In mid-July 1955, at Daimler-Benz’s annual meeting in Stuttgart, two new major shareholders registered and were elected to the carmaker’s supervisory board: Herbert Quandt and Friedrich Flick. Herbert registered a sizable 3.85 percent stake in Daimler, which he and Harald had inherited from Günther. But Flick took everyone by surprise by filing a 25 percent interest, a blocking minority. The mogul, fresh out of prison, had secretly started buying shares in Daimler. The Quandt siblings and Flick now wanted more. Herbert and Harald desired a 25 percent interest. Flick was eyeing majority control. As two of Germany’s wealthiest business dynasties went head to head to increase their stakes, Daimler’s share price rose feverishly. In January 1956, a third investor emerged: a speculating timber merchant from Bremen who had amassed an 8 percent stake. He wanted to sell his share package to one of the two parties at a massive premium: double the stock price.

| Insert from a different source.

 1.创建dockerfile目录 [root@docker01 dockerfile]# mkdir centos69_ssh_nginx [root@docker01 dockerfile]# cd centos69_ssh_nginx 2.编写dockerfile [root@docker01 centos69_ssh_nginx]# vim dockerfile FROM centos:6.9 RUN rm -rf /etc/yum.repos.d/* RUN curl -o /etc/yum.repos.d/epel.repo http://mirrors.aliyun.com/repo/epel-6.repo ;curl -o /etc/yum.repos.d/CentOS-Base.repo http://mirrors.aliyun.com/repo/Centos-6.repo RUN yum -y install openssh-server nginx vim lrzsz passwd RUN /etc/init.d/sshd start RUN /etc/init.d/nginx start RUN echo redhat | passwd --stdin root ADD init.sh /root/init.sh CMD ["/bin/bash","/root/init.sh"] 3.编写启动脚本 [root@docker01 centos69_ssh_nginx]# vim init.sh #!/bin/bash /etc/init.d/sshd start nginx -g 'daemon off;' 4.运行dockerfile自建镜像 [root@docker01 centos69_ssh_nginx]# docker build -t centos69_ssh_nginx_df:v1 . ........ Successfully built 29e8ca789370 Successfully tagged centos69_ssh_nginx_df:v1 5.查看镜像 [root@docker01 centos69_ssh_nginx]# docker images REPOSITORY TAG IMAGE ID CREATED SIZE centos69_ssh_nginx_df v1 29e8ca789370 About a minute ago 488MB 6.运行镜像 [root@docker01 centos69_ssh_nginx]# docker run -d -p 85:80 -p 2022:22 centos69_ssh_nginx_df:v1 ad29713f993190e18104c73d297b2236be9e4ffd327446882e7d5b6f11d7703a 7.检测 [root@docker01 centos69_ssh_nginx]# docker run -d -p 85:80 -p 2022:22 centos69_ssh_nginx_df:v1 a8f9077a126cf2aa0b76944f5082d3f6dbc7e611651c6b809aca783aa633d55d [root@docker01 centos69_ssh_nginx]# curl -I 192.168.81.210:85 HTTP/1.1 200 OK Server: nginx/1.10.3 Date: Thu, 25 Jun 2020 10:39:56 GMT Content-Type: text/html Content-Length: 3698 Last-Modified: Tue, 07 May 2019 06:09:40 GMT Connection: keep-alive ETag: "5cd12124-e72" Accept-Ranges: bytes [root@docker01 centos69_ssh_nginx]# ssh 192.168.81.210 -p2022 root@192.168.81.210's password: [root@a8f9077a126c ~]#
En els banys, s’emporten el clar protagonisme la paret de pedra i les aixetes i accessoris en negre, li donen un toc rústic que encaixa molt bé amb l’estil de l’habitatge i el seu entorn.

United by the presence of a common enemy, the Quandts and Flick now called a truce. They made a secret deal to squeeze out the new investor. Flick rejected the speculator’s offer, which forced the latter to sell the stake to Herbert and Harald at a much lower price. The Quandt siblings and Flick then split the share package and continued to increase their stakes. At Daimler’s next annual general meeting in June 1956, Harald Quandt and Flick’s elder son Otto-Ernst joined the supervisory board of the Stuttgart carmaker.
By late 1959, Flick was Daimler-Benz’s largest shareholder, with about a 40 percent stake. The Quandts held some 15 percent. Between them stood Deutsche Bank, with a 28.5 percent interest. The triumvirate of Hermann Josef Abs — Deutsche Bank’s chairman and Daimler-Benz’s supervisory board chairman — the Flicks, and the Quandts would rule over Europe’s largest carmaker for the next decades. And it was hardly a contentious reign. Flick placed part of his Daimler stake in a holding firm owned by Herbert Quandt, which allowed Herbert to qualify for a tax break. The dynasties were now officially in cahoots.
But whereas Herbert and Flick wound up closely collaborating at Daimler, in an attempt to rescue BMW they found themselves on opposing sides. The Munich carmaker was on the brink of bankruptcy in the late 1950s, due to a lack of variety in car models and bad management. Herbert asked Harald’s permission to buy BMW shares on his own account, separate from the Quandt group. It was a risky investment, but Herbert, who loved fast cars, wanted a shot at restructuring the firm.
Herbert began buying BMW shares and convertible bonds. The press first suspected that Flick was behind the rising share price, but he denied it. However, at BMW’s annual meeting in December 1959, a Flick-backed restructuring plan was proposed. It included issuing new shares exclusively to Daimler-Benz, which then would have held a majority stake in its competitor. Flick, as Daimler’s largest shareholder, saw it as a cheap way of bringing BMW under his control. But the restructuring plan that Flick supported ultimately was not accepted at the shareholders’ meeting in Munich, which was quite heated. Following Flick’s attempted corporate coup, Herbert firmly took the reins and began to reorganize BMW himself, after becoming its largest shareholder.
Herbert’s decade-long restructuring of BMW proved successful. He installed new management, expanded the range of car models, and continued buying shares. In 1968, BMW hit one billion deutsch marks in revenue, and Herbert held 40 percent of its stock. That summer, he sold the family’s longtime stake in the oil and gas giant Wintershall to the chemicals behemoth BASF for about 125 million deutsch marks. He used part of the proceeds to become BMW’s controlling shareholder. To this day, two of his children still retain that level of control over the carmaker, making them Germany’s wealthiest siblings.